At the same time, the Left of the 1930s, led by the Communists, aggressively fought anti-Black racism. An Arnold Rothstein photograph of a large Black family in front of their tumbledown shack in Arkansas, a Hale Woodruff lithograph of a Black man climbing the steps of a decrepit row house in Atlanta, and a photo of sharecroppers at work graphically remind us of the era’s grinding poverty. A maquette of Lift Every Voice, a sculpture by Augusta Savage, shows a group of young Black people arranged in the form of a harp, singing the Black national anthem, and Raymon Steth’s brilliant Evolution of Swing, (1939) takes us from Africans dancing to drums and Black stevedores working on the Mississippi river to suave tuxedo-clad big band musicians in an urban Black nightclub. 

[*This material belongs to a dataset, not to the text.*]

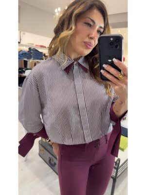 Camisa de Rayas Relish con espaldada descubierta y nudo blusa estilo romántico mod. Majadar

Augusta Savage, Lift Every Voice and Sing (The Harp), 1939/The Metropolitan Museum of Art

Still, all was not exploitation and revolt in the 1930s. A young Philip Guston was hired to do a mural for the Queensbridge Houses in New York. Here we have a despairing mother with her children, a defeated man resting his head on a surface, another man idling on a stoop, and a woman upright in her coffin. 

It’s a marvelous counterpoint to the hopeful images that dominate this enlightening show. It’s also a reminder that the heroic representation of workers at work and in combat with capitalists in the 1930s coexisted with a lingering, and profound sense of despair. 


Mitchell Abidor is a Brooklyn-based writer and translator.